BOLIVIA, 6 DECEMBER 2009. Evo Morales, incumbent presidential candidate for Movimiento al Socialismo (Movement towards Socialism, MAS), has been returned as President of Bolivia with a landslide 62% of the vote. MAS also won 25 out of 36 seats in the Bolivian Senate, gaining the two-thirds majority necessary for approving constitutional changes, key legislation, and judicial appointments.
This victory will enable MAS to continue the programme of revolutionary change started when Morales, Bolivia’s first indigenous president, came to power in December 2005.
The MAS government has renationalised Bolivia’s hydrocarbon wealth, ensuring state control over its exploitation. Over the last 5 years this has generated an extra $5 billion of state revenue, which is being invested in state-owned production and infrastructure, health and education for the benefit of Bolivia’s poor majority.
The first 5 years of MAS government have seen:
- The eradication of illiteracy, with 824,000 people being taught the basics of reading and writing using the Cuban ´Ýes I Can´ teaching programme. This Project is now being extended to teach higher literacy and numeracy skills to those who need them;
- A rapid expansion of basic services to previously deprived rural areas. Electricity, sewerage, water, telephone and information technology are now written into the constitution as basic rights;
- Peasant communities receive 1,400 free tractors, and $237 million spent on 2,810 public works, sanitation, and drinking water projects;
- A new land reform, redistributing 26 million hectares of unproductive land to 98,454 families, and imposing a maximum of 5,000 hectares for private ownership of land;
- The proportion of the population in extreme poverty fall from 37.8% to 31.8%;
- The construction of 1,540 educational institutions – schools, colleges, and universities;
- 545 new health centres – in 2005 there were only 434 in the country.

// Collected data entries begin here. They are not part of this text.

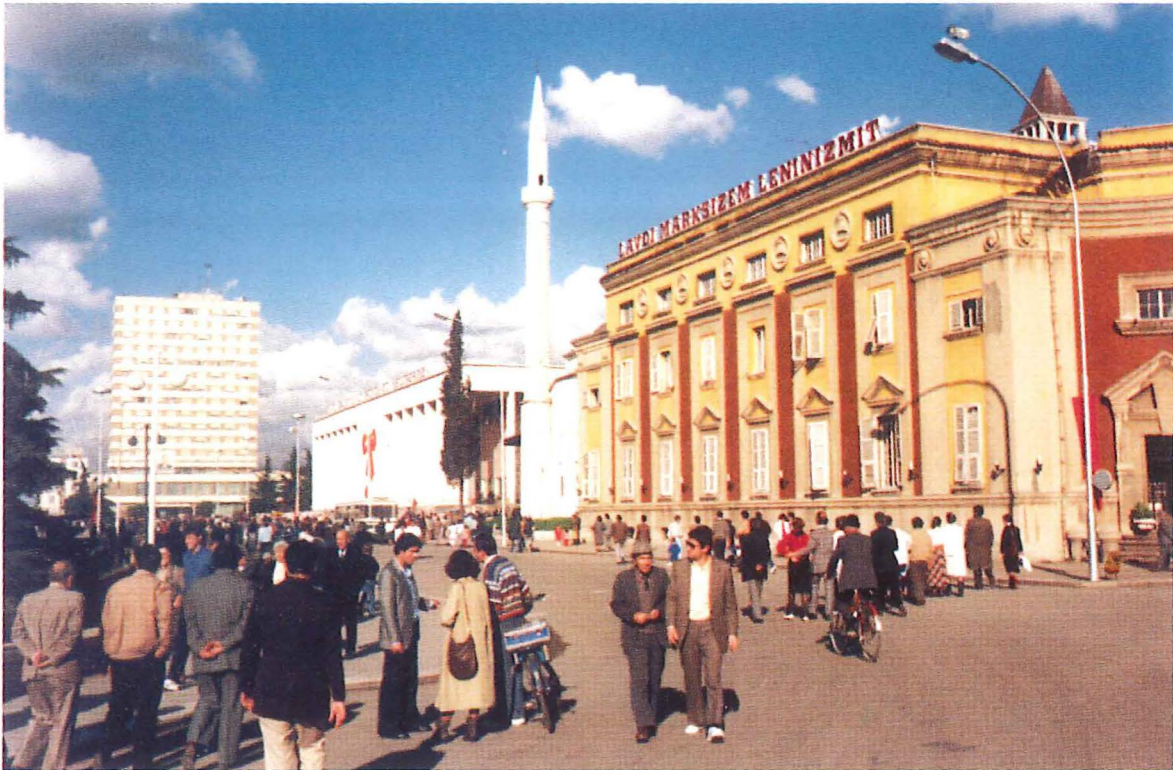
Im Zentrum Tiranas
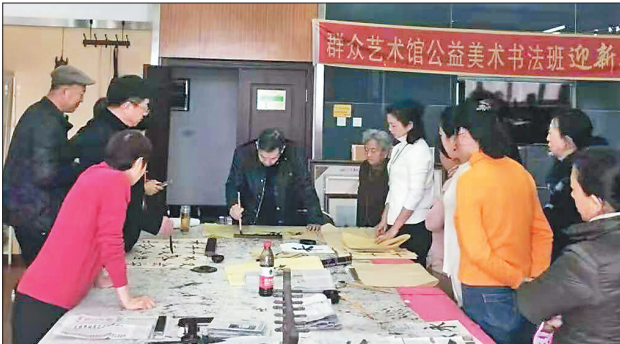
佳木斯市群众艺术馆公益书法班。
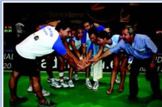
El grito de la victoria
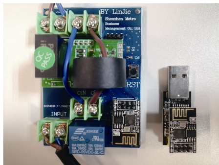
图 1 电气数据采集传输模块实物

“高度集成”是节约空间、提升效率的有效方式。选用集成底层驱动力的模块成品，利用芯片封装模组及软件编程的方式开发产品功能，使硬件设计更简约，生产成本更低廉。比如，本系统选用自带 ModBus-RTU 协议的电气采集模块，无需对底层规约二次开发；WiFi 选用支持 AT（Attention）精简指令集的模块，确保报文高效传输。此外，上位机与数据服务器集成开发，将数据存储、计算、显示等功能一体化，节约设备成本，减少空间占用。本文开发的电气数据采集传输模块实物如图 1 所示。

The success of the Morales government represents a further defeat for the Bolivian ruling class, who, under previous governments, sold Bolivia’s resources to enrich themselves. Manfred Reyes, a former prefect of Cochabamba province whom the masses drove out of Cochabamba two years ago for advocating separation from Bolivia, won only 23% of the presidential vote, and left immediately for Miami to evade corruption charges.
The Revolutionary communist Group celebrates this latest election result as a further defeat for imperialism and a victory for Bolivia’s workers, campesinos and indigenous majority.